Burnham later gravitated toward classical elite theory, as developed by the Italian social and political thinkers Vilfredo Pareto and Gaetano Mosca, believing it provided a better foundation than Marxism for understanding the managerial revolution he had described. The heart of elite theory is the principle that all human organizations are necessarily oligarchic in structure. Dictators, for example, cannot truly rule by themselves, but are always dependent on a group of men who accept their authority; these men, and not merely the dictator personally, constitute the elite of such societies. In democracies it appears that the broad masses of the people choose their leaders, but according to the elite theorists, it is really the leaders who have themselves chosen by the people. Even political parties advocating radical forms of democracy are forced, if they wish to be effective, to take on an oligarchic form, with a small party elite commanding the allegiance of a larger base. This has been called the iron law of oligarchy.

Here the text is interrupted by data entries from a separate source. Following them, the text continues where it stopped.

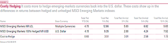 Besides diversification, there’s a cost-related reason for not hedging emerging-markets currencies. Because interest rates tend to be higher in emerging markets, it’s more expensive to hedge those currencies back into the U.S. dollar (Exhibit 2).
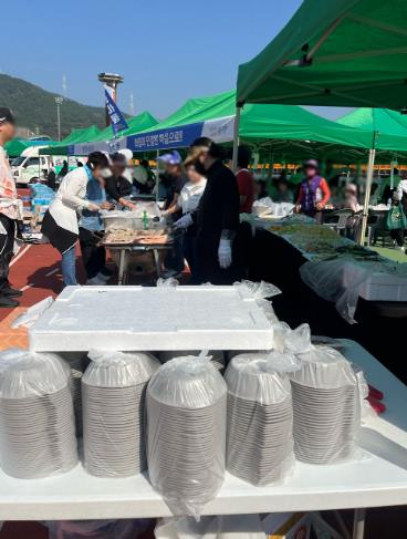 이날 행사장에는 사전에 실시한 다회용기 수요 조사에 따라 접시, 3종 찬기, 밥/국그릇, 면기, 수저, 컵 3종 등 총 9종류의 다회용기 36,000개가 공급됐다.
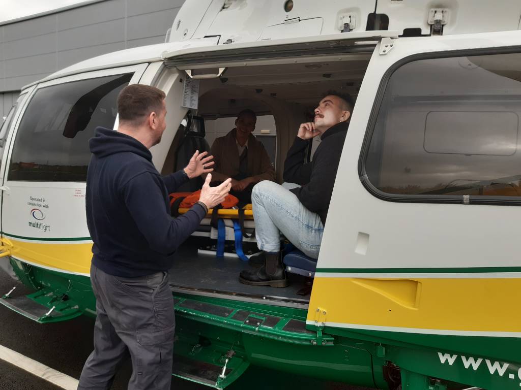 Olimme nähneet oppitunneilla videokuvaa ns. lentävästä ensihoitajasta. Videolla ensihoitaja käytti erikoispukua, jonka avulla hän pystyi siirtymään niin vuolaan joen yli kuin louhikkoisessa maastossa vuorenrinteitä ylöspäin ilmavirran avulla. Videoissa esiintyi Great North Lentopelastuksen operaatiojohtaja ja ensihoitaja Andy Mawson. Otimme häneen yhteyttä ja sovimme yhteistapaamisen Suurenglannin pohjoisen lentopelastuksen keskukseen.

But elites are not permanent. Politics is a continual process of circulation of elites. Much of the history of the early modern era, for instance, can be interpreted as a process whereby entrepreneurial capitalists (the “bourgeoisie”) displaced the aristocratic landed elites inherited from feudal times. And according to Burnham, the managerial revolution of the late 19th and early 20th centuries was one in which the bourgeois elite inherited from the 19th century was replaced in its turn by a new managerial elite that continues to rule us to this day.

Samuel Francis’s Leviathan and Its Enemies is a systematic development of these ideas, with a few revisions and extensions, as well as a defense of Burnham against rival schools of thought. The completed manuscript was discovered after his death, and he is not known to have made any attempt to publish it while he lived. Bits and pieces of the theory appeared in his columns of the 1990s, and I remember at the time wishing he would treat it more fully and systematically.

During the 19th century, growing population and urbanization led to what has been called a revolution of mass and scale, which may be defined as a dramatic process of enlargement in almost all areas of organized human activity, including producing, consuming, governing, communicating, fighting, and even worshiping. Traditional private and local forms of social organization proved unable to cope with this historically unprecedented growth. At the same time, new technologies were making larger organizations feasible, including not only physical technologies such as telephones and business machines, but also the application of psychology and the social sciences to human behavior (“scientific management”).

In Francis’s words: “The rearrangement of human societies within and under mass organizations was necessary to contain, discipline and provide services for the new mass populations and the exponential growth of social interaction.” Francis distinguishes three principle forms of organized human behavior in which this transformation occurred: the business corporation, government, and what he calls “organizations of culture and communication.”